DATA PROVIDED:
════════════════

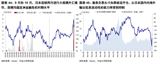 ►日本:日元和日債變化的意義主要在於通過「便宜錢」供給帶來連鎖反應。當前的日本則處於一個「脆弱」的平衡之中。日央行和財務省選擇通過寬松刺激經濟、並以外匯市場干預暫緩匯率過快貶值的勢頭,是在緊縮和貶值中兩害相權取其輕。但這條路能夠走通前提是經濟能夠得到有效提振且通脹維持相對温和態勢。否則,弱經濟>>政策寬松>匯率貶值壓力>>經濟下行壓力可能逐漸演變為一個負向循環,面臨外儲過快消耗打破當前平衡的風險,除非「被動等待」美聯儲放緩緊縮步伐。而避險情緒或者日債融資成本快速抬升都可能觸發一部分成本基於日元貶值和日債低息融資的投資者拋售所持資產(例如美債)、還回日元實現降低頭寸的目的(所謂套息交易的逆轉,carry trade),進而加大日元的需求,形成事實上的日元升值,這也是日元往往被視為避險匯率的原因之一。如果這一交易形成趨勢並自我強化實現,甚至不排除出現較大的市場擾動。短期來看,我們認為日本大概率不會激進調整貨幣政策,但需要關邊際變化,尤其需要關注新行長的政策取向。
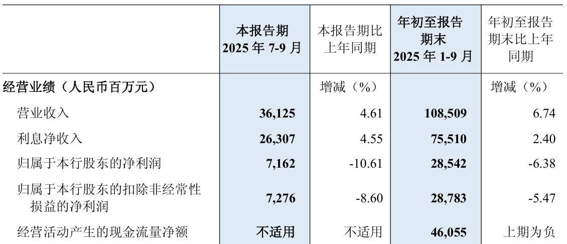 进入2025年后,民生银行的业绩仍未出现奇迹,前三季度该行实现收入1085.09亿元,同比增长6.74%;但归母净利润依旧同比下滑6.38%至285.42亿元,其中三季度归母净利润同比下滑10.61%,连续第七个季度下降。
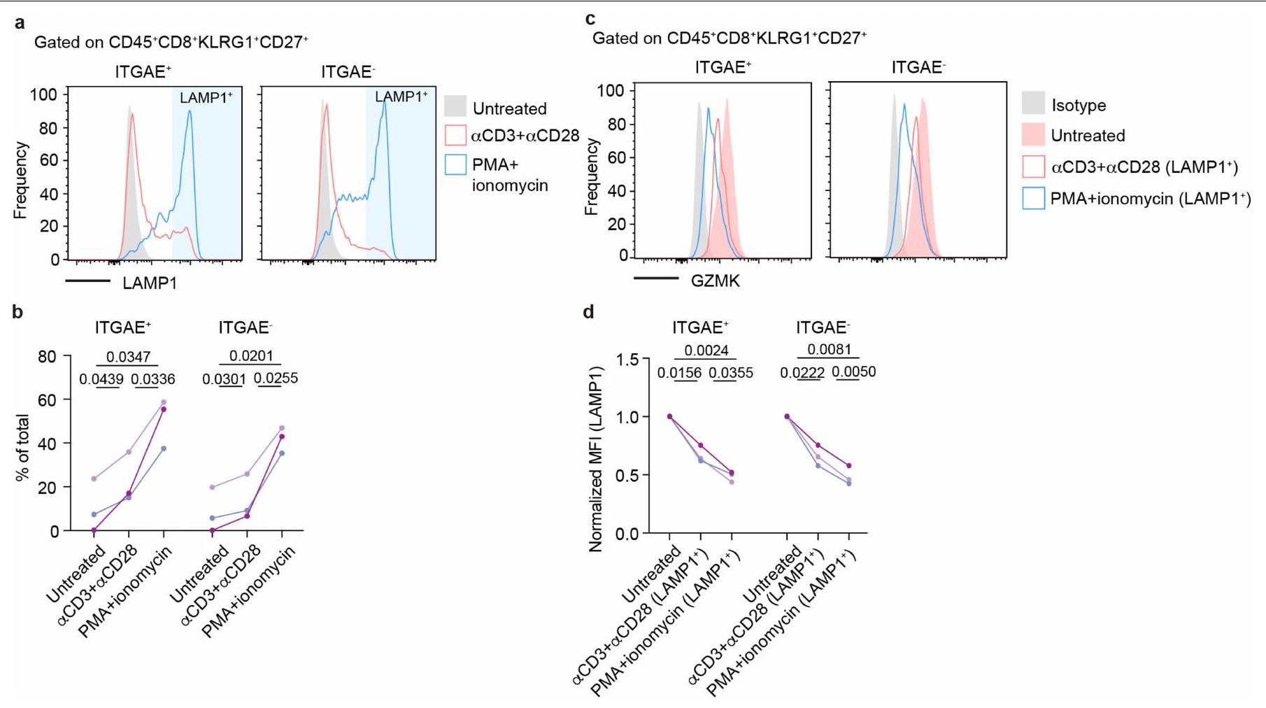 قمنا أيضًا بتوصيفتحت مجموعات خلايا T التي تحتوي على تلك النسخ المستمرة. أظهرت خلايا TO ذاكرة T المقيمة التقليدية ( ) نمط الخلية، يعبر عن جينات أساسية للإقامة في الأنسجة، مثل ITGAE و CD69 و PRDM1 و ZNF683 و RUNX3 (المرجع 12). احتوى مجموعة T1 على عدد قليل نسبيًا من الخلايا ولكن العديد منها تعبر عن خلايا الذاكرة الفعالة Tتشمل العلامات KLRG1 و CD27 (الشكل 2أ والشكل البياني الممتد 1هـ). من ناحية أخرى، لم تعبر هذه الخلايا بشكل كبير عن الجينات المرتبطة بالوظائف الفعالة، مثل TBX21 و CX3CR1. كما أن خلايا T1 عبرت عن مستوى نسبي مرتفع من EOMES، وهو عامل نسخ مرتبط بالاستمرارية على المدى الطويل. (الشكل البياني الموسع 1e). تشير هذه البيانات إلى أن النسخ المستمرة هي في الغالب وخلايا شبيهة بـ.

════════════════

DIRECTIONS: Each line from the one containing "进入2025年后,民生银行的" through the last line of the listing is to be given again exactly, with no pictures and no other lines.

COMPLETED EXERCISE:
 进入2025年后,民生银行的业绩仍未出现奇迹,前三季度该行实现收入1085.09亿元,同比增长6.74%;但归母净利润依旧同比下滑6.38%至285.42亿元,其中三季度归母净利润同比下滑10.61%,连续第七个季度下降。
 قمنا أيضًا بتوصيفتحت مجموعات خلايا T التي تحتوي على تلك النسخ المستمرة. أظهرت خلايا TO ذاكرة T المقيمة التقليدية ( ) نمط الخلية، يعبر عن جينات أساسية للإقامة في الأنسجة، مثل ITGAE و CD69 و PRDM1 و ZNF683 و RUNX3 (المرجع 12). احتوى مجموعة T1 على عدد قليل نسبيًا من الخلايا ولكن العديد منها تعبر عن خلايا الذاكرة الفعالة Tتشمل العلامات KLRG1 و CD27 (الشكل 2أ والشكل البياني الممتد 1هـ). من ناحية أخرى، لم تعبر هذه الخلايا بشكل كبير عن الجينات المرتبطة بالوظائف الفعالة، مثل TBX21 و CX3CR1. كما أن خلايا T1 عبرت عن مستوى نسبي مرتفع من EOMES، وهو عامل نسخ مرتبط بالاستمرارية على المدى الطويل. (الشكل البياني الموسع 1e). تشير هذه البيانات إلى أن النسخ المستمرة هي في الغالب وخلايا شبيهة بـ.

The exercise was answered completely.